ACTIVITY:
Given the records below, would you repeat exactly the lines that begin at the one containing "NOTICIAS 29/04/2025La Universidad" and end at the one containing "Manuscript DS in", inclusive?

AVAILABLE DATA:
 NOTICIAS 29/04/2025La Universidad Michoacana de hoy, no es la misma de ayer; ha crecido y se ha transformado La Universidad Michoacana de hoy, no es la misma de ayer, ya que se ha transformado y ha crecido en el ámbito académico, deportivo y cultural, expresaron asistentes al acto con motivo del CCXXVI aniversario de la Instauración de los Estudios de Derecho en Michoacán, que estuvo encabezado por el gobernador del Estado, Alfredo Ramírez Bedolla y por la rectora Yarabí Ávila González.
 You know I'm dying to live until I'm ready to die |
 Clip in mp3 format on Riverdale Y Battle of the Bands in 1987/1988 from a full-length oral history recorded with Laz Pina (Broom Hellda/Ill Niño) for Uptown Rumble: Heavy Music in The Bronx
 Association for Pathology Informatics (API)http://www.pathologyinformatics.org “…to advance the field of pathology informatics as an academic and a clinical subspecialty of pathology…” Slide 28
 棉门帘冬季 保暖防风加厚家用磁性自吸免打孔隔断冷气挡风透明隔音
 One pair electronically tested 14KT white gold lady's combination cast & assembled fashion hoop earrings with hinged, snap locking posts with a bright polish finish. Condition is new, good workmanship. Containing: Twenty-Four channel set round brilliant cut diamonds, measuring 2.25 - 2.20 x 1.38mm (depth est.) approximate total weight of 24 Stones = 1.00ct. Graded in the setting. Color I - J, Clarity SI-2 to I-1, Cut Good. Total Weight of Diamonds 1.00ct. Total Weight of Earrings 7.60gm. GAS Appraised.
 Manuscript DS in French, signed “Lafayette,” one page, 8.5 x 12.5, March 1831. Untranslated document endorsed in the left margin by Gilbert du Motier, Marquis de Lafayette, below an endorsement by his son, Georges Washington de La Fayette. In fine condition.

---

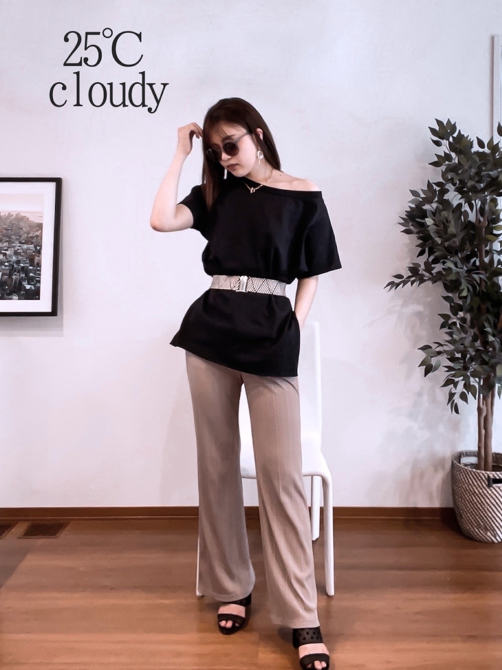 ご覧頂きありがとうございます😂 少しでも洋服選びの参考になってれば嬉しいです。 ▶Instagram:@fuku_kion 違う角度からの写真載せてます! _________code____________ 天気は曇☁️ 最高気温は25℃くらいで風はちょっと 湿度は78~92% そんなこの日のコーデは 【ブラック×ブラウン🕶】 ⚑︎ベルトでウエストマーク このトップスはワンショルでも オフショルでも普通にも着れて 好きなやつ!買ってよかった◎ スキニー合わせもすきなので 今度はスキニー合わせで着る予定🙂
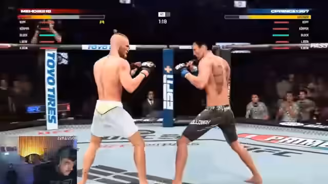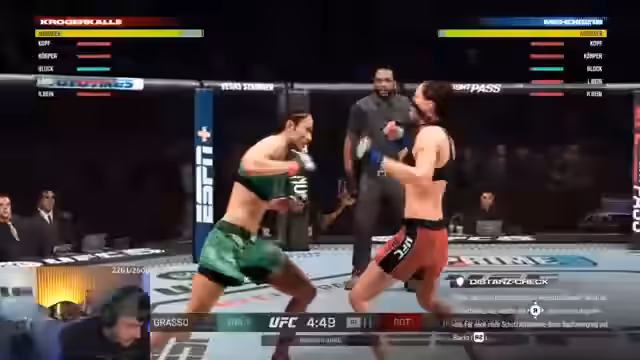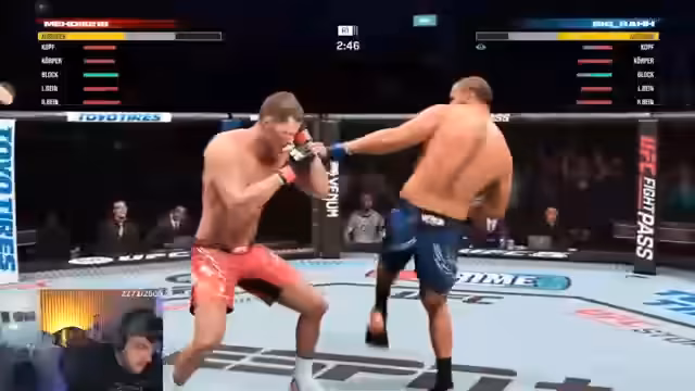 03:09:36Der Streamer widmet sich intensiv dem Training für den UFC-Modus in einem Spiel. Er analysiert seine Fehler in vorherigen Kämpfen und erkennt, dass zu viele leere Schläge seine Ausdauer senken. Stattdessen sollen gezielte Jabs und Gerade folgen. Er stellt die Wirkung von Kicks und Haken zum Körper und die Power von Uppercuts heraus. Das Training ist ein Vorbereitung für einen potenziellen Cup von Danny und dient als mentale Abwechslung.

TASK SOLUTION:
 NOTICIAS 29/04/2025La Universidad Michoacana de hoy, no es la misma de ayer; ha crecido y se ha transformado La Universidad Michoacana de hoy, no es la misma de ayer, ya que se ha transformado y ha crecido en el ámbito académico, deportivo y cultural, expresaron asistentes al acto con motivo del CCXXVI aniversario de la Instauración de los Estudios de Derecho en Michoacán, que estuvo encabezado por el gobernador del Estado, Alfredo Ramírez Bedolla y por la rectora Yarabí Ávila González.
 You know I'm dying to live until I'm ready to die |
 Clip in mp3 format on Riverdale Y Battle of the Bands in 1987/1988 from a full-length oral history recorded with Laz Pina (Broom Hellda/Ill Niño) for Uptown Rumble: Heavy Music in The Bronx
 Association for Pathology Informatics (API)http://www.pathologyinformatics.org “…to advance the field of pathology informatics as an academic and a clinical subspecialty of pathology…” Slide 28
 棉门帘冬季 保暖防风加厚家用磁性自吸免打孔隔断冷气挡风透明隔音
 One pair electronically tested 14KT white gold lady's combination cast & assembled fashion hoop earrings with hinged, snap locking posts with a bright polish finish. Condition is new, good workmanship. Containing: Twenty-Four channel set round brilliant cut diamonds, measuring 2.25 - 2.20 x 1.38mm (depth est.) approximate total weight of 24 Stones = 1.00ct. Graded in the setting. Color I - J, Clarity SI-2 to I-1, Cut Good. Total Weight of Diamonds 1.00ct. Total Weight of Earrings 7.60gm. GAS Appraised.
 Manuscript DS in French, signed “Lafayette,” one page, 8.5 x 12.5, March 1831. Untranslated document endorsed in the left margin by Gilbert du Motier, Marquis de Lafayette, below an endorsement by his son, Georges Washington de La Fayette. In fine condition.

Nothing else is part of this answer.